Ravitz v. Steurele
Decision Date | 21 December 1934 |
Citation | 77 S.W.2d 360,257 Ky. 108 |
Parties | RAVITZ v. STEURELE, Justice of the Peace. LISSAUER v. DORMAN. |
Court | Kentucky Court of Appeals |
Appeal from Circuit Court, Jefferson County.
Proceedings between Morris Ravitz and Clarence J. Steurele, Justice of the Peace of Jefferson County, Ky. and between A. W. Lissauer and J. R. Dorman, Banking Commissioner of the Commonwealth of Kentucky.From the judgments rendered, Morris Ravitz and A W. Lissauer appeal.
Affirmed.
Emmet R. Field and William F. Clarke, Jr., both of Louisville, for appellants.
Arthur B. Bensinger and John S. Milliken, both of Louisville, Bailey P. Wootton, Atty. Gen., and Stites & Stites and Norris McPherson, all of Louisville, for appellees.
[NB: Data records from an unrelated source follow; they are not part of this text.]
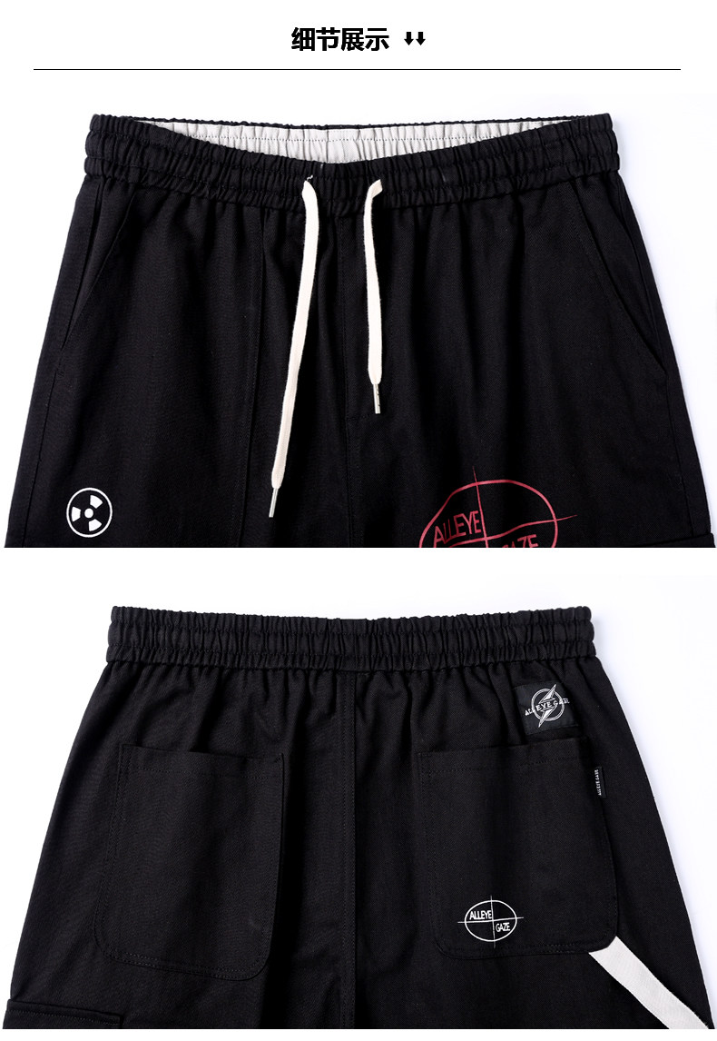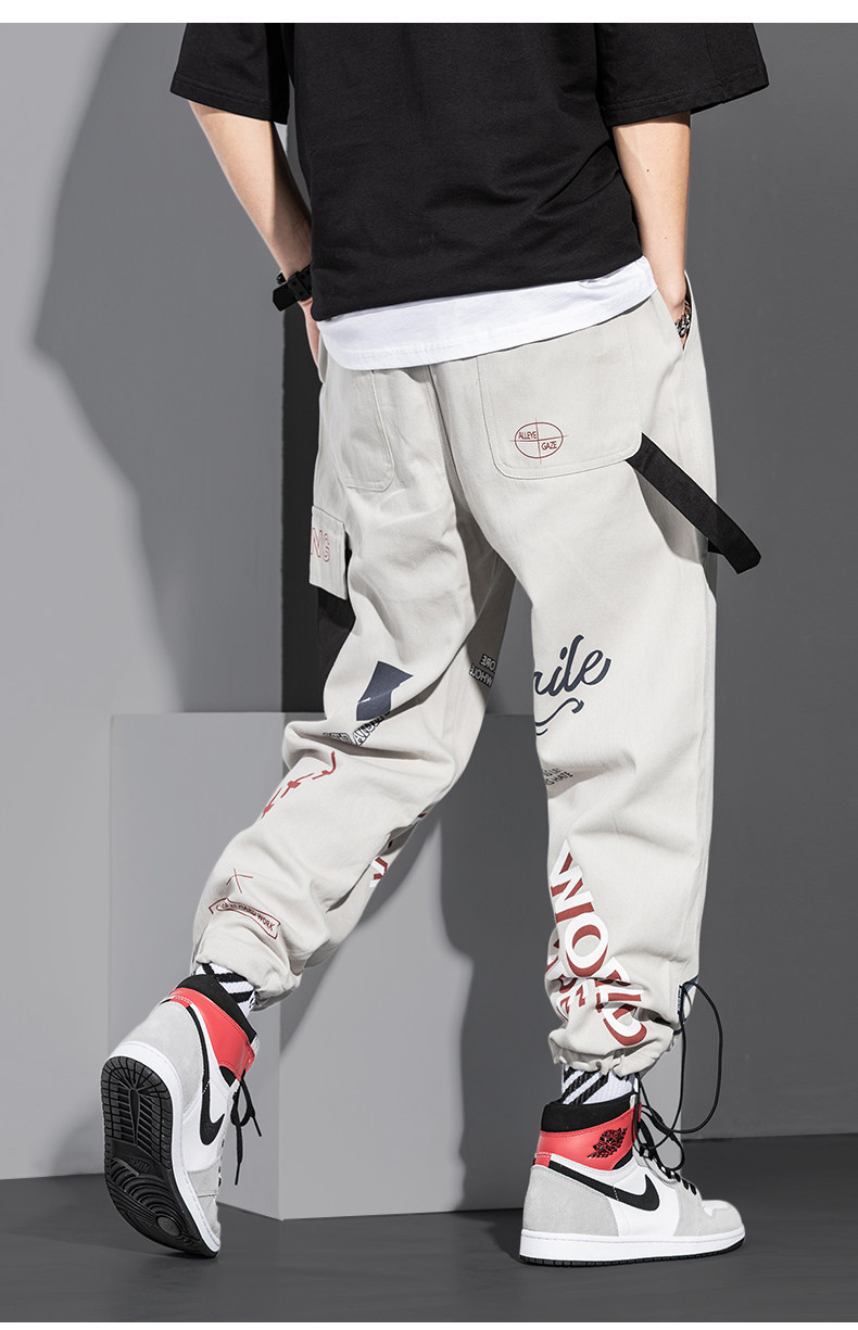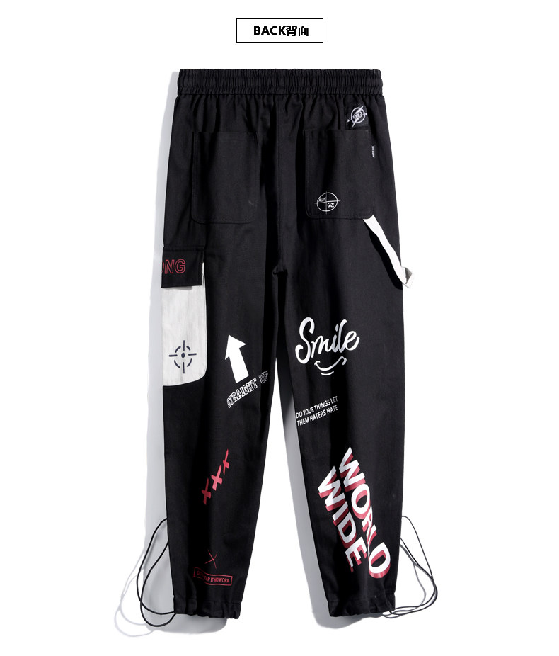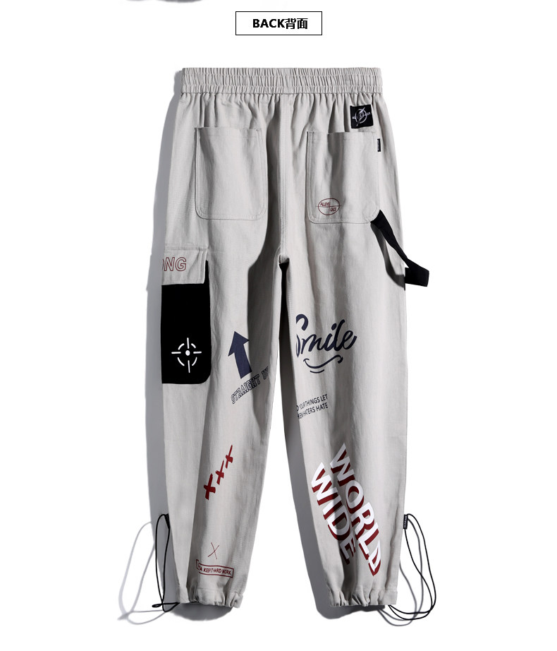 春夏季潮牌卡通字母涂鸦印花工装裤男宽松直筒休闲ins抽绳束脚裤i스토어 가기
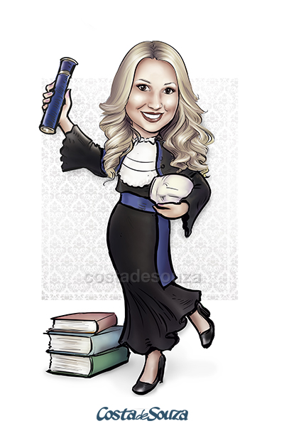 A caricatura para formatura pode ser aplicada em banner, totem, display de mesa, quadro na recepção e produtos personalizados da festa como copos, canecas e chinelos. Também pode ser utilizada como post nos perfis pessoais no Facebook e no Instagram, para comemorar a conquista.
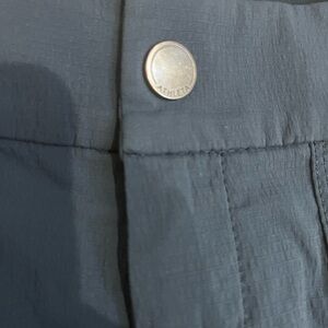 Front side pockets and back pockets elastic waist around sides and back. Front button closure was zipper lightweight material.
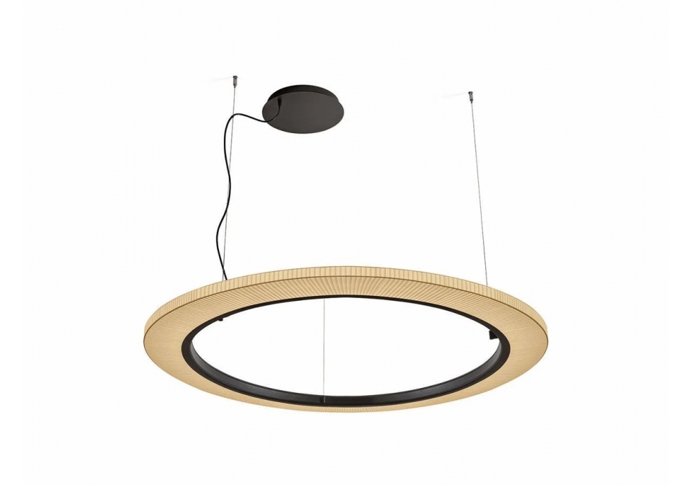 Roda von Joana Bover für Bover entworfen, ist eine runde Hängeleuchte mit einer tragenden Struktur aus Aluminium und lackiertem Stahl. Der Diffusor ist aus Stoff gefertigt und schirmt eine dimmbare LED-Lichtquelle ab. Roda ist in verschiedenen Modellen und Ausführungen erhältlich.
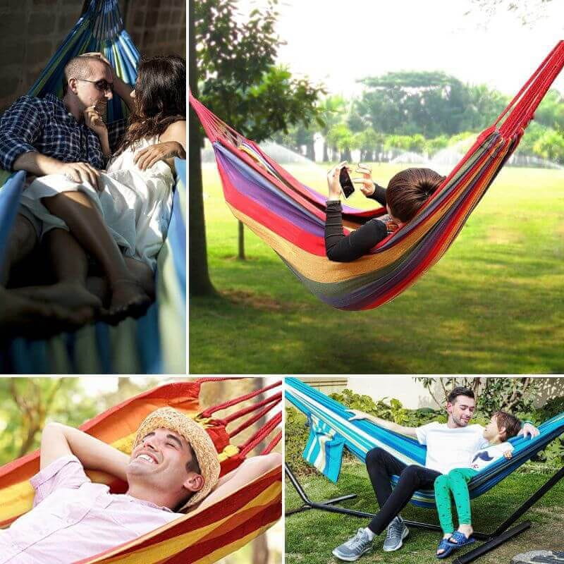 Poleg mreže prejmete še vrvi za privez. Enostavno jih zavežite okoli dreves ali drogov in se prepustite nežnemu zibanju.
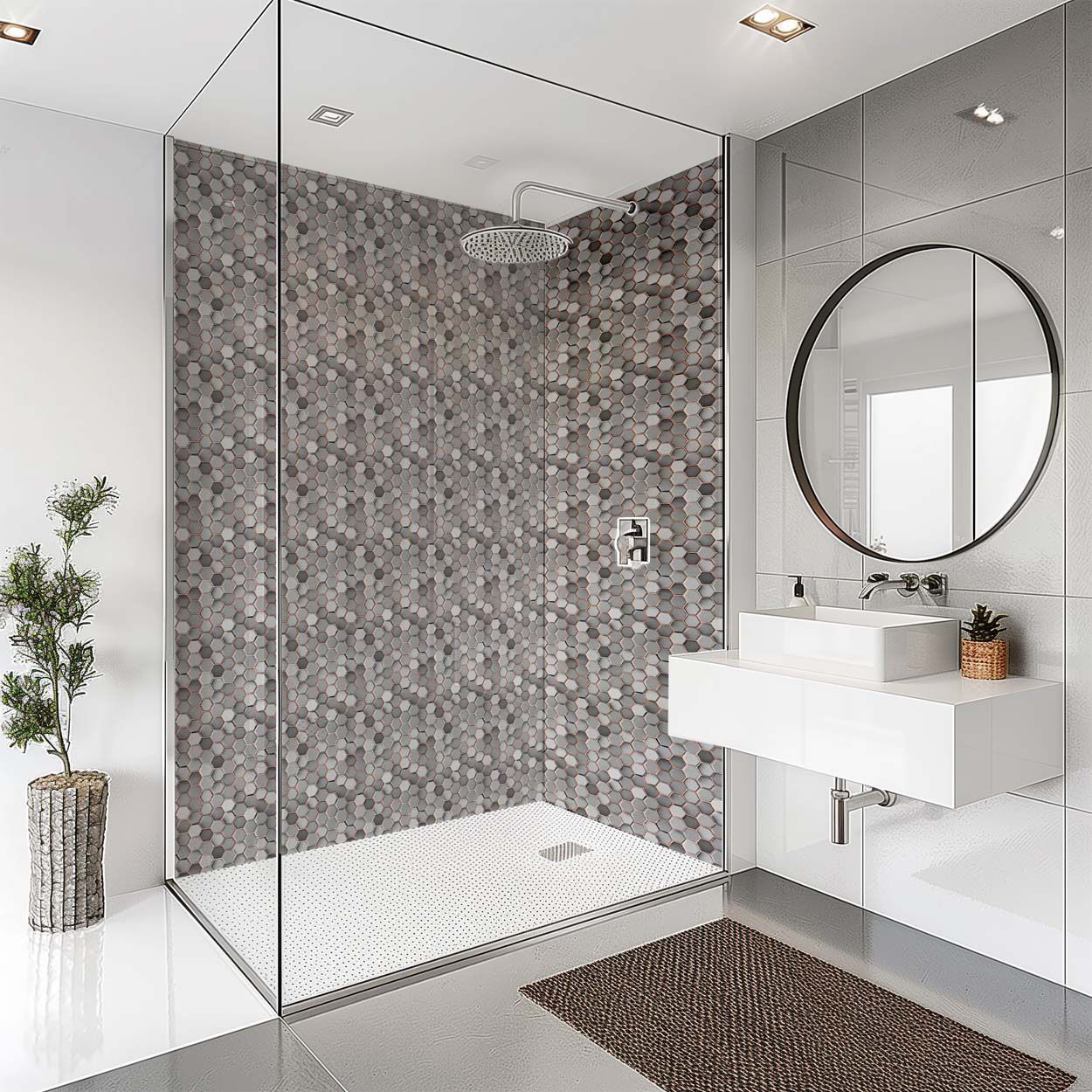 Splashbax Shower Panel Hexagon Grey Copper Mosaic 122X244Cm
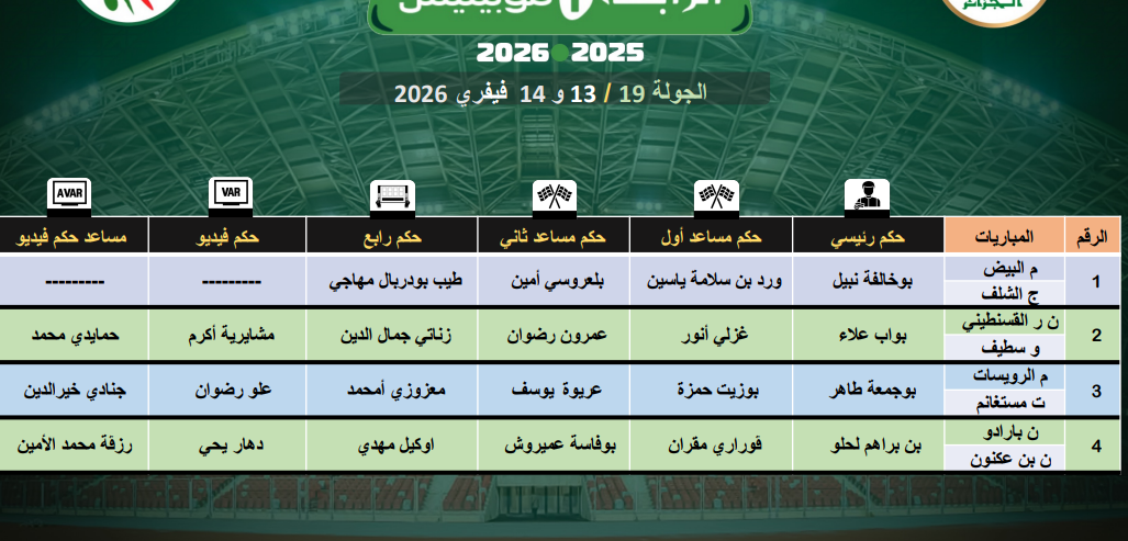 تعيين حكام مباريات الجولة الـ19 من الرابطة المحترفة الأولى
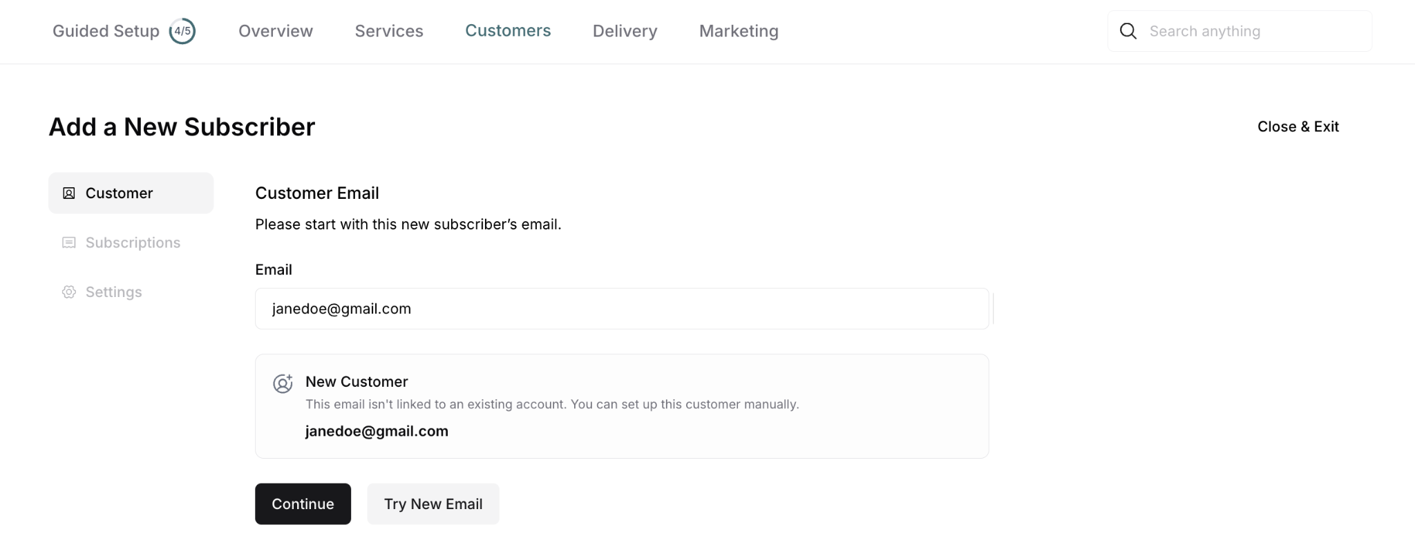 ✍️ TIP: The "Create Subscriber" button is specifically for sending subscription invitations. There is no equivalent feature for one-off purchases—those customers must discover and purchase through your live site.
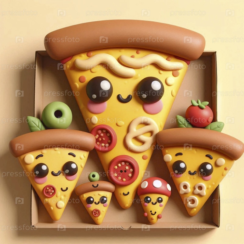 Каваи-сцена семьи с кусочками пиццы, Ai generated image
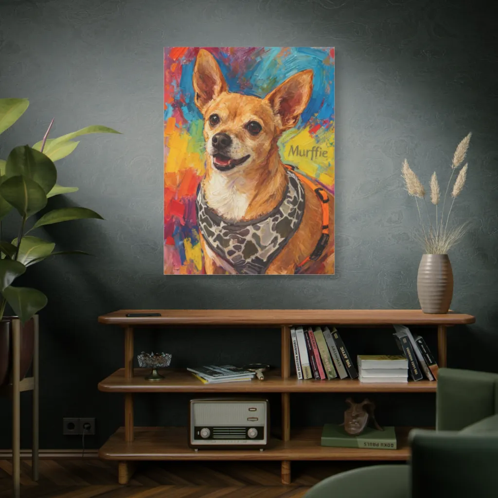 “Murffie in Vivid Hues” brilliantly uses saturated warm tones offset by cool chromatic splashes. This impasto riot perfectly conveys Murffie's cheerful energy, achieving vibrant, joyful harmony. A masterclass in emotional resonance through color theory.
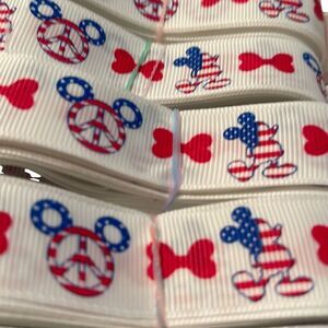 Grosgrain printed Ribbon 7/8” NEW 5 yards Mickey Mouse patriotic USA peace sign
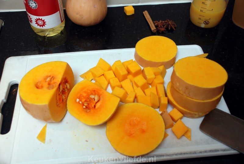Schil de pompoen, verwijder de pitten en snij de pompoen in gelijke stukken.
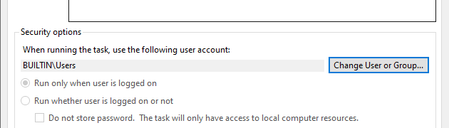 - Under Security options, select Run whether user is logged on or not.
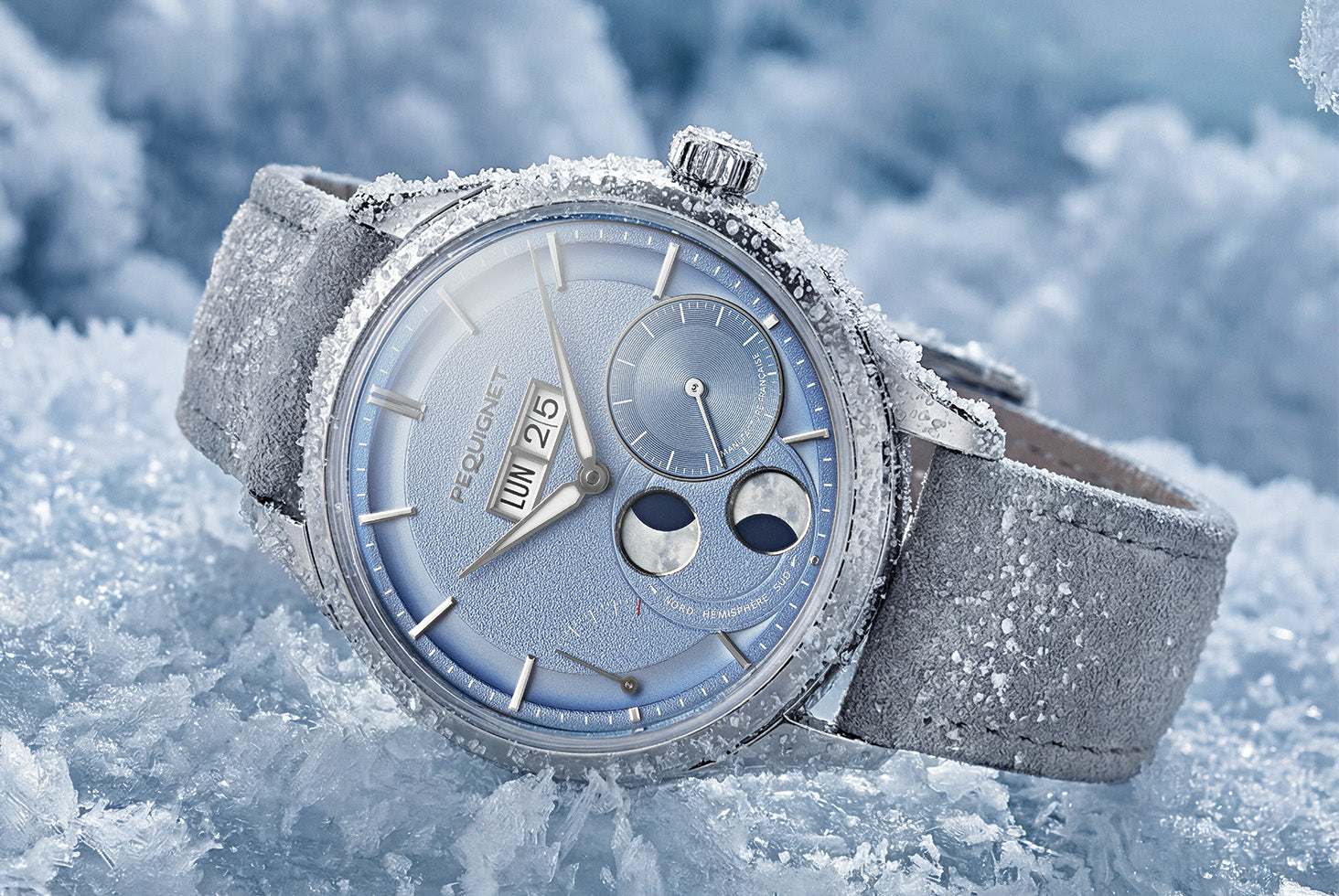 The Royale Paris watch, with its refined and timeless style, now comes with a icy blue dial. This new shade lends a fresh, frosty elegance to this Day-Date-Moonphase version. The delicate tone of the dial evokes the pure beauty of the Jura moutains in winter.

Stoll Muir, Townsend & Park, of Lexington, Eugene R. Attkisson, of Louisville, Edward C. O'Rear, of Frankfort, John R Allen, of Lexington, and Fred R. Wright, of Milwaukee, Wis amici curiae.
These appeals present identical questions, and will therefore be disposed of as one.
In the first entitled action a motion to dismiss, because the questions involved in it are moot, is overruled.The paramount question to be determined is the constitutional validity of an Act of 1934, c. 17, p. 32, entitled:
"An Act to define, license, and regulate the business of making loans or advancements in the amount or of the value of three hundred dollars ($300) or less, secured or unsecured, at a greater rate of interest, consideration, or charge than six per centum (6%) per annum, prescribing the rates of interest and charges therefor and penalties for the violation thereof, regulating the assignment of wages or salaries, earned or to be earned, when given as security for any such loan or as consideration for a payment of three hundred dollars ($300) or less, providing for the administration of this Act, authorizing the making of examinations and investigations and the publication of reports thereof, providing for a review of decisions and findings of the Banking Commissioner under this Act, and repealing so much of Section 4224a, Carroll's Kentucky Statutes(1930) as applies to persons licensed under this Act, and limiting the application of Sections 2218and2219, Carroll's Kentucky Statutes(1930), and repealing all Acts and parts of Acts whether general, special, or local, which relate to the same subject matter as this Act."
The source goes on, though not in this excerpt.